Authors: Brooks Li, Kush Patel, Albert Nguyen, Deeksha Koonadi, Ashley Soto
This repository contains the code used for the MIS 382N Advanced Machine Learning final project. In particular, it contains the files used to scrape the data, and then perform model analysis on the extracted data afterwards.
Overview of File Names:
- Company 10-K 1.csv, Company HTML Urls 1.csv, Company Index Urls.csv, Company Names.csv, edgar_scraper.py were all used as part of the data scraping process.
- Earning Surprise Boosting.ipynb, Earning Surprise Neural Nets.ipynb, Earning Surprise Random Forests.ipynb, Earning Surprise SVM.ipynb, Earning Surprise Decision Trees.ipynb were the main files used to build the models for classifying earning surprises.
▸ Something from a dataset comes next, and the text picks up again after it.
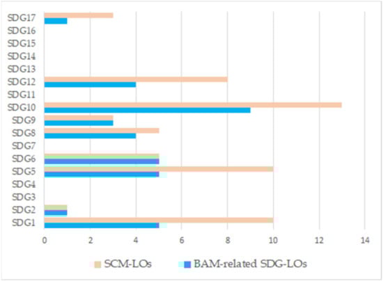Figure 4 shows, for example, that SDG10 is present in a greater number of SCM-LOs (13), of which nine correspond to BAM-related SDG-LOs. Next, SDG5 and SDG1, each with 10 SCM-LOs associated, 50% of which (5) being BAM-related SDG-LOs. In total, there are 58 SCM-LOs, of which 37 (63.8%) correspond to BAM-related SDG-LOs.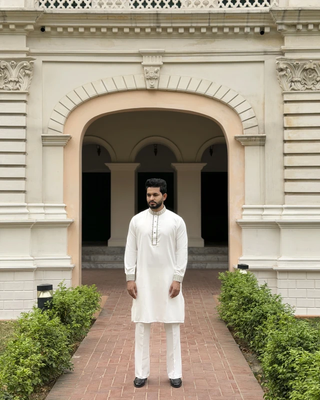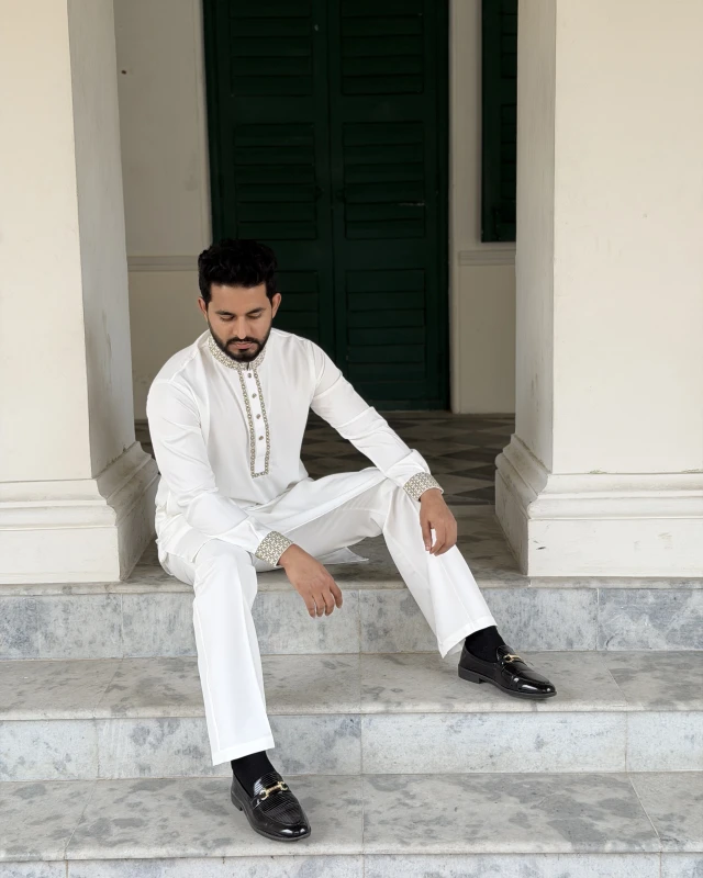 Tailored for comfort and a clean, elegant silhouette, this piece ensures you look effortlessly polished at every Eid gathering.

- Sentiment Contrastive Learning files 1, 2, 3 were prototypes of contrastive learning techniques for developing stronger sentiment scores between documents and their respective base positive and negative classes. In particular, Sentiment Contrastive Learning 3.ipynb is the most recent update of the constrastive learning technique.
- Earning Surprise Data Preprocessing.ipynb is the file used for most of the data cleaning, feature extraction, data engineering.
- Earning Surprise ML Classification.ipynb was used to test what happens if you include the TFIDF word vectorizer into the dataset.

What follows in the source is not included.